Peugeot’s operating free cash flow, excluding one-time gains and charges, totaled €2.18 billion last year. The company said it was net-debt free.

"We are ahead of our reconstruction plan," chief executive officer Carlos Tavares said in the statement.

Mr Tavares took over as chief executive a year ago aiming to streamline the French carmaker’s product line, better position its three brands, including the new luxury DS nameplate, and continue his predecessor Philippe Varin’s efforts to restructure, in particular in the money-losing regions of Russia and Latin America.

Industrywide demand for cars will probably plunge by about 30 per cent this year in Russia and about 10 per cent in Latin America, Peugeot said today.

“Even though we’re seeing an improvement of our financials in Russia and Latin America, these geographical zones remain in the red,” chief financial officer Jean-Baptiste de Chatillon told reporters in a conference call.

“Pressure on foreign exchange rates was strong in 2014 and should remain strong this year in these two zones.”

In China, the carmaker said it expects demand to rise by about 7 per cent.
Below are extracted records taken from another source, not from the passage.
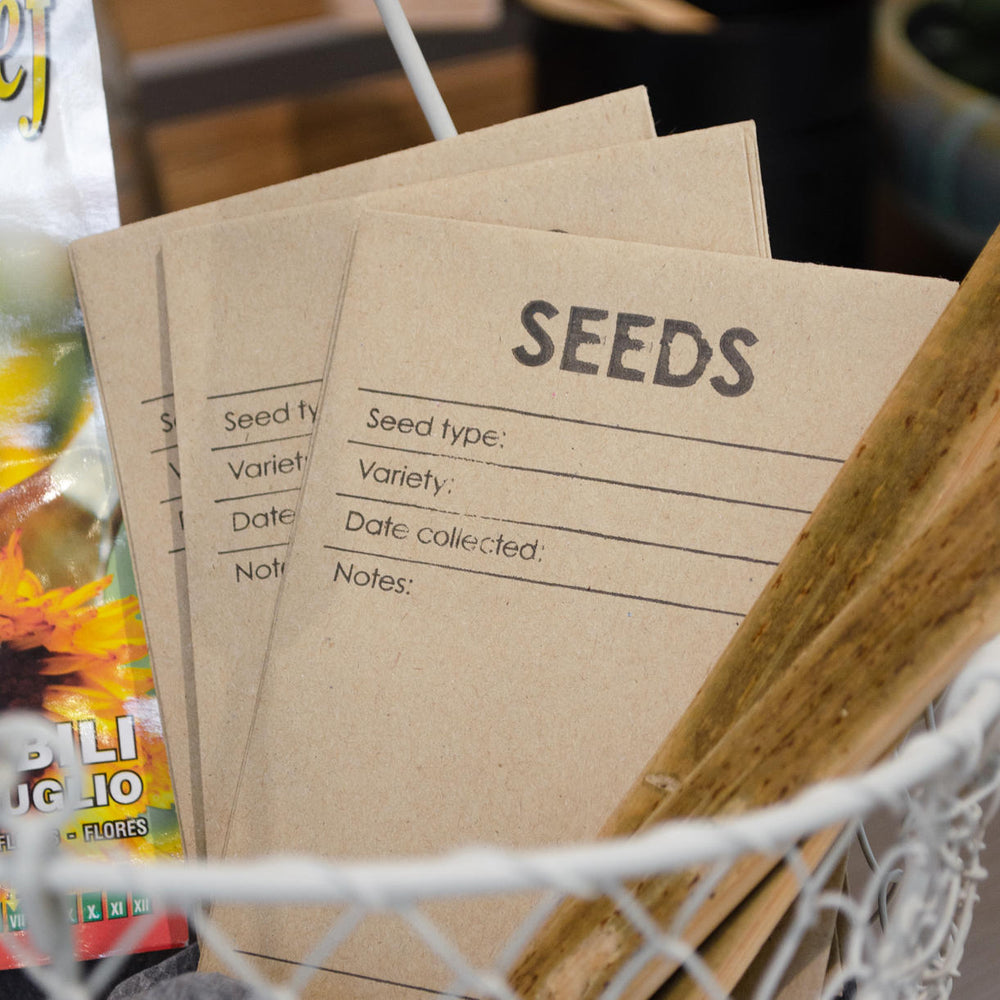 Seed storage envelopes so you can save and store flower seeds to use in the following years, or even share edible flower seeds with other culinary cottage garden lovers.
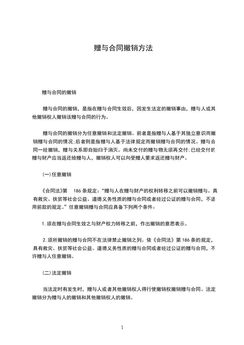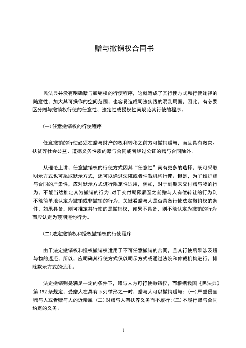 由于法定撤销权和授权撤销权适用于不可任意撤销的合同,且其行使后果涉及赠与物的返还,所以,应明确其行使方式仅以明示方式或通过法院和仲裁机构进行,排除默示方式的适用。
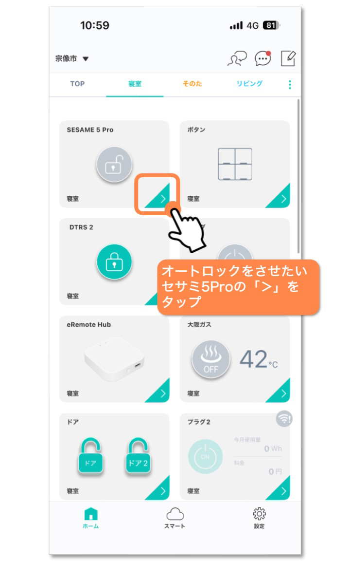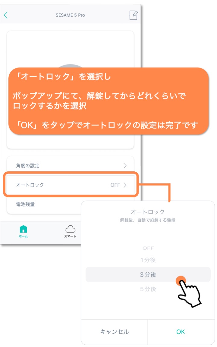HomeLinkでは、セサミ5Proのオートロック機能が使用できます。
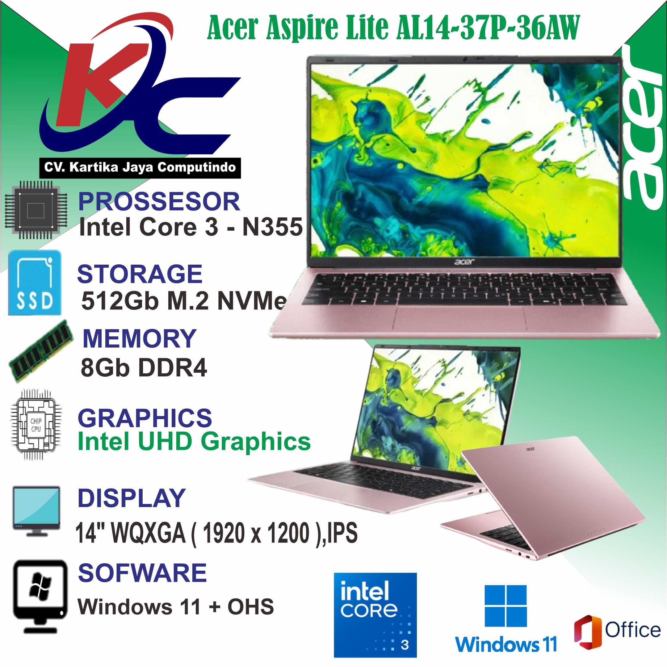 ACER AL14-37P-36AW CORE 3-N355/ 8GB/ SSD 512GB/ W11 OHS24 ROSE SAKURA
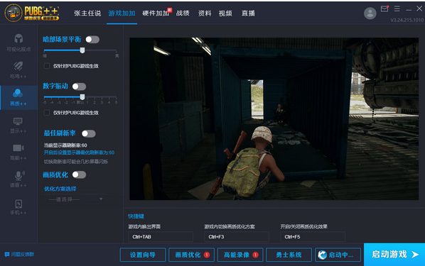 在任务栏上点击游戏加加,随后选择吃鸡++,即可进入吃鸡优化的配置界面,进入后,PUBG加加++绝地求生助手会自动读取玩家的CPU,内存,显卡等信息。
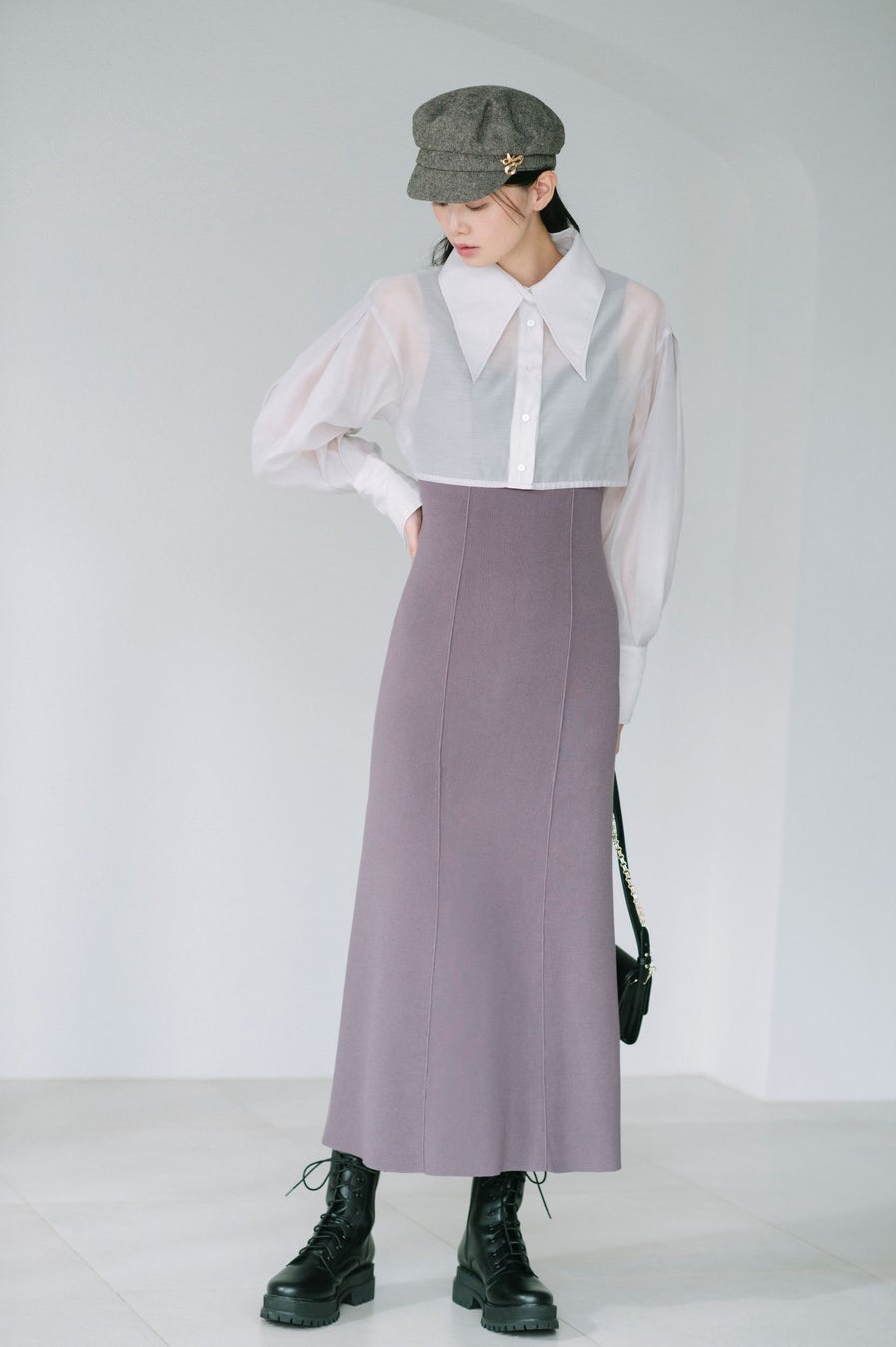 トレンド感のあるクロップド丈のシャツとノースリーブのニットワンピースを組み合わせたセットアイテム。
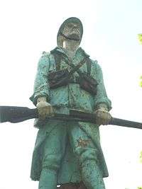 Framerville-Rainecourt | At Framerville-Rainecourt is a war made by Jules Déchin (1869–1947). The sculpture features a soldier with rifle, leaning against a post which carries the inscription "Framerville". This work dates from 1925 and is situated by the old cemetery just by the church. The pedestal also carries an inscription acknowledging the soldiers of the British and Australian Armies who died in this area. The monument was inaugurated on 26 September 1926.[13] |
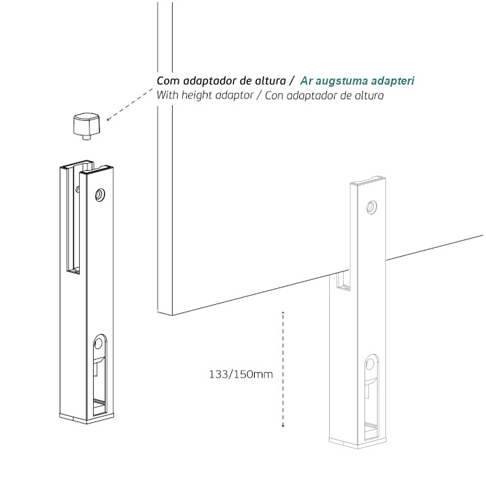 - aukštis gali būti reguliuojamas ir po sumontavimo
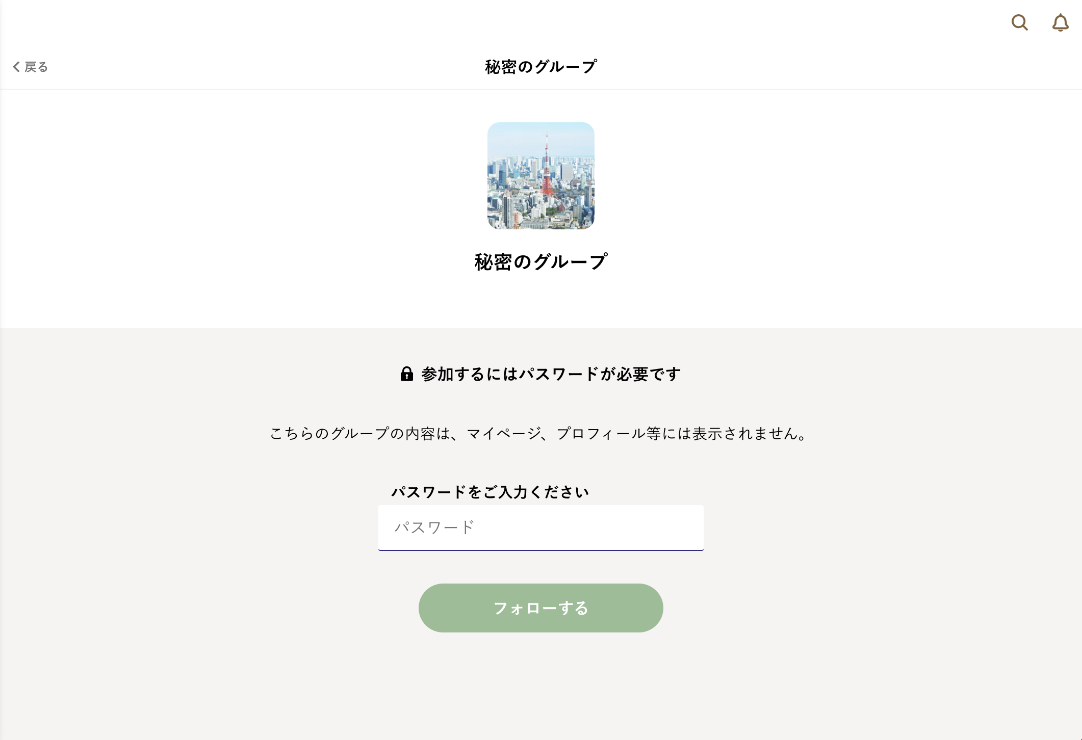 「秘密のグループ」とはグループにパスワードを設定し、パスワードを知っている人のみ閲覧・投稿ができるグループを作成できる機能です。
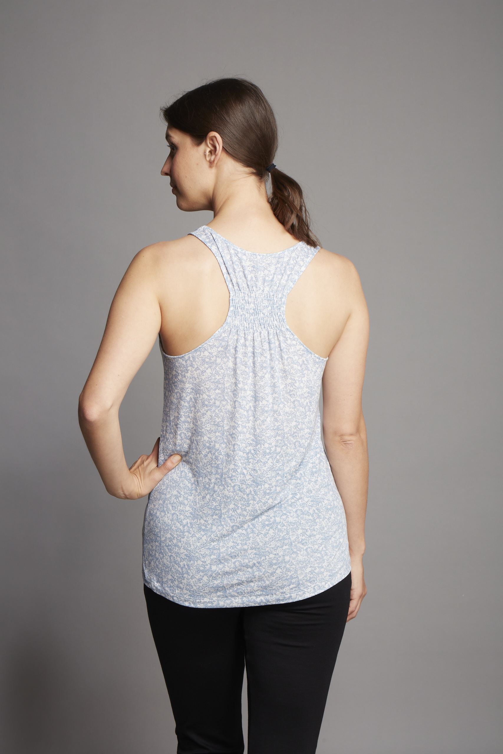 A flattering tank top with an elegant elasticated back is perfect to the gym or at home.
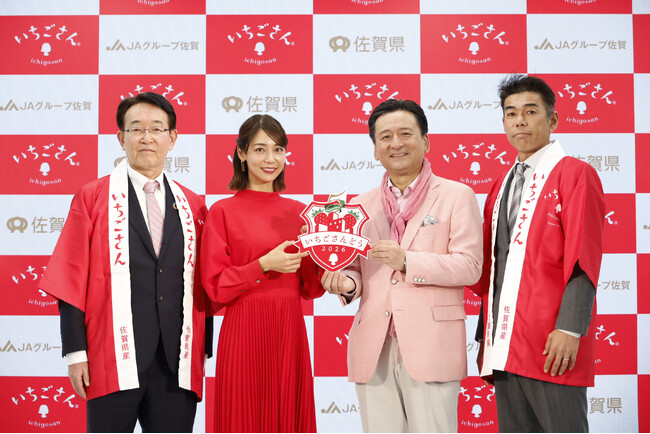 佐賀県は、 佐賀のブランドいちご「いちごさん」と表参道のカフェ・レストラン12店舗がコラボレーションし、「いちごさん」メニューを提供する「いちごさんどう2026」を、「いちごの日」の2026年1月15日(木曜日)から、3月31日(火曜日)まで約2か月間にわたり開催します。この度、1月14日(水曜日)に、相武 紗季(あいぶ さき)さんをゲストにお迎えした「いちごさんどう2026」発表会を開催しました。

In Europe, it said it expects a 1 percent increase.

Peugeot’s total deliveries rose 4.3 per cent to 2.94 million cars and light commercial vehicles last year, boosted by demand for the 2008 and 3008 crossovers as well as the 308 hatchback.

That’s still about 18 per cent fewer than in 2010, when Peugeot, Europe’s second-biggest automaker, reported its last full-year growth with record sales of 3.6 million autos. Peugeot now sells more cars in China than in its home country and is betting on further expansion in the region. Together with Dongfeng, it aims to sell 1.5 million vehicles annually in China by 2020.